Security in Scripting

Securing Event Handlers

Security can be added to any of the event handlers in Ignition. You can set up security in an event script for a component using the system.security.getRoles() function, and use this function in any script in Ignition that runs in a Client.  This example uses an event handler to build a navigation and security script. 

1. In Designer, right click on your component and select Scripting. The Component Scripting window will open.  
2. Select the action > actionPerformed Event Handler.

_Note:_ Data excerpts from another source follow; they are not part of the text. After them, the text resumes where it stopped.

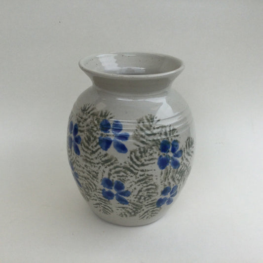 Mogo Pottery vase with blue flowers and green leaves in glaze, unique decorative, dried flower holder, branches, flowers, gift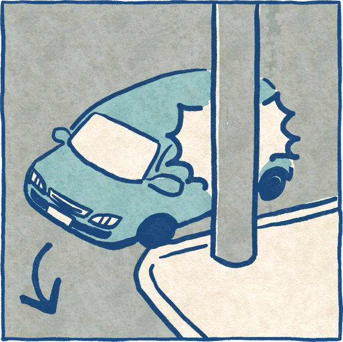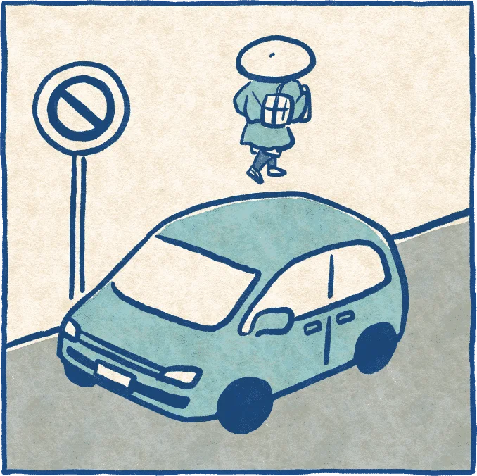 道路での駐車は禁止です。駐車場を利用しましょう。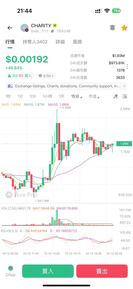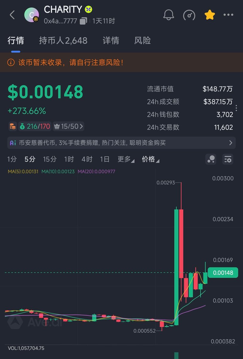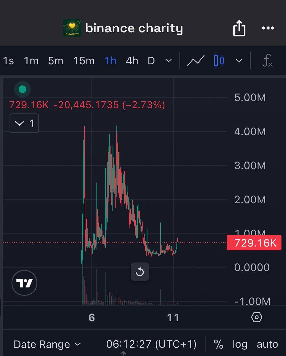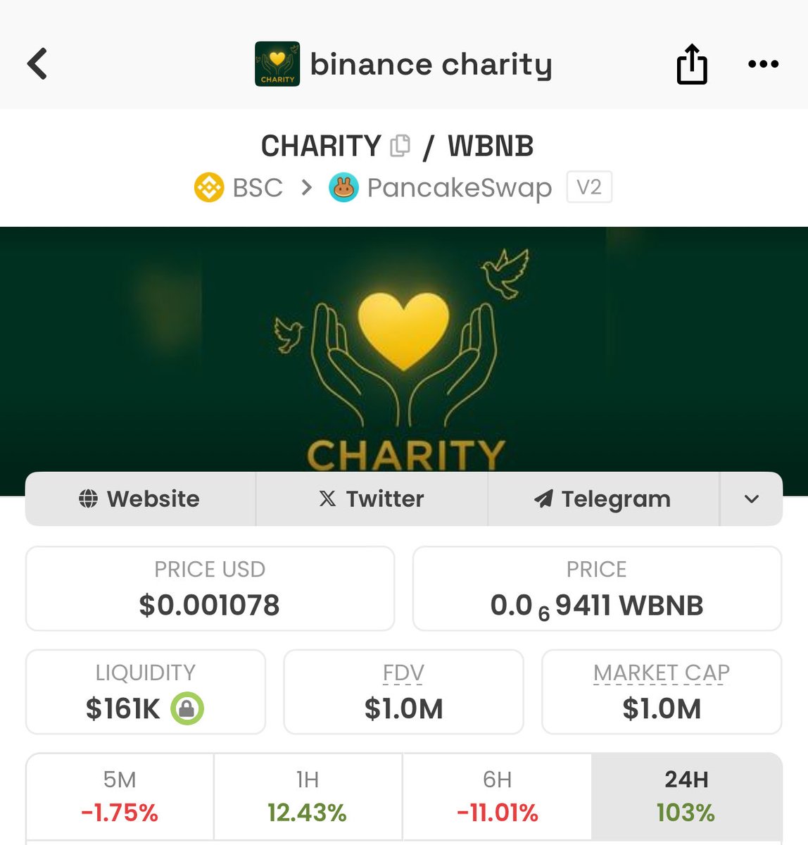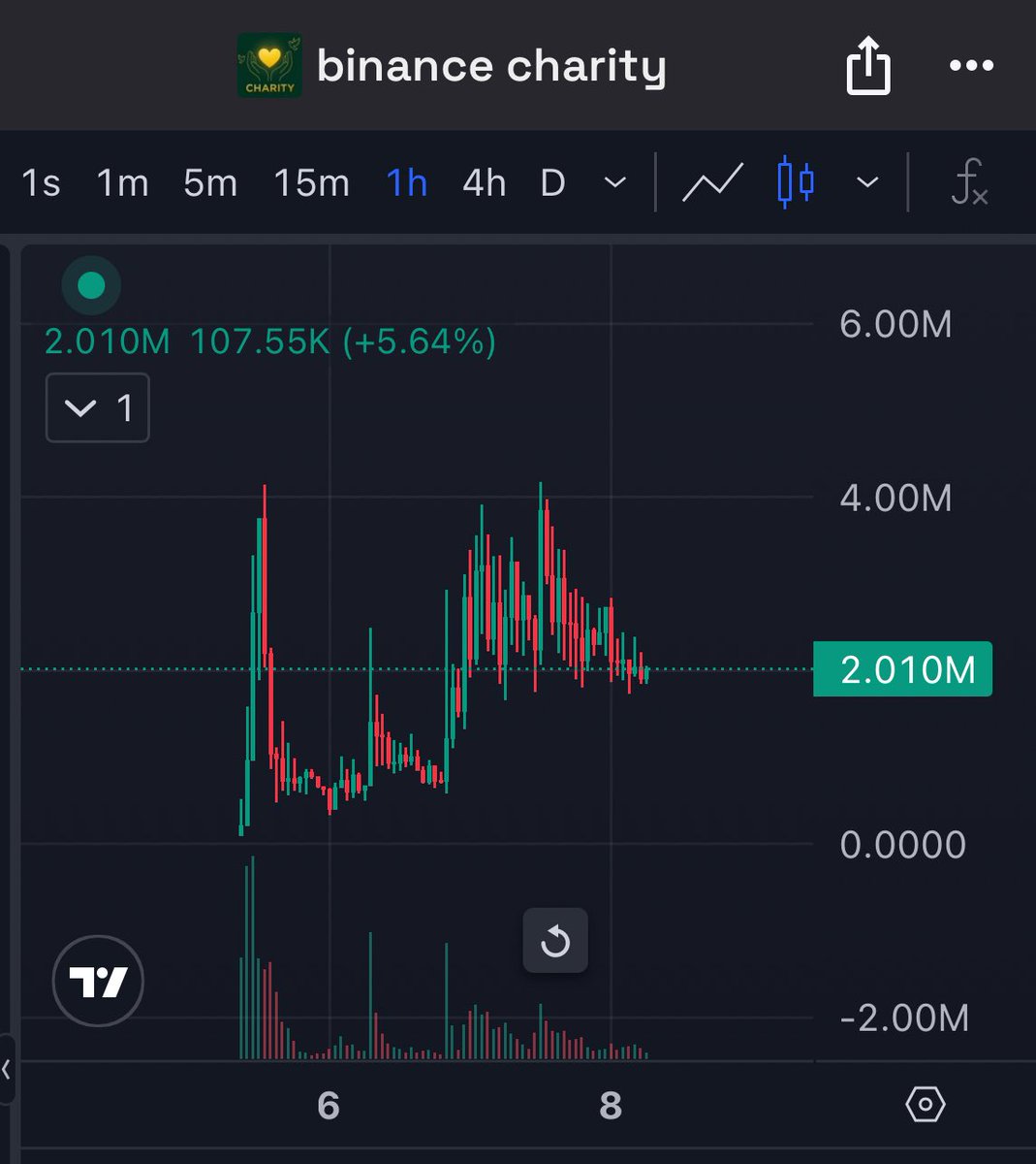 这 $Charity 看起来也在2M稳住了,做市商还会继续洗吗?估计接下来就等一阵风,有好的庄家实在很舒服,目前只持有 @heyijieyouBNB 和 $Charity ,希望这两个项目可以带我重回A8,拜托了❤️❤️❤️

Under the Navigation tab, select Open and Center to set the location and position of the component on the Client window.
3. Under Action Qualifiers, click on the Security button, and start to build your security script.
4. Check the Required Roles checkbox, and select from the list of role(s) that you want to have access to your button. When you close the list of Required Roles, Ignition will build the script for you based on the role(s) you selected. 
5. Click on the Script Editor tab, and you'll notice that the code is well documented, it contains the roles you specified, and includes an error message. The error message will popup when a user in a role, other than the role(s) specified, accesses the button.  

Here is what the script looks like in Ignition.

Here is the code you can copy to ensure the user invoking the script has sufficient privileges.  This script identifies the "Administrator" role.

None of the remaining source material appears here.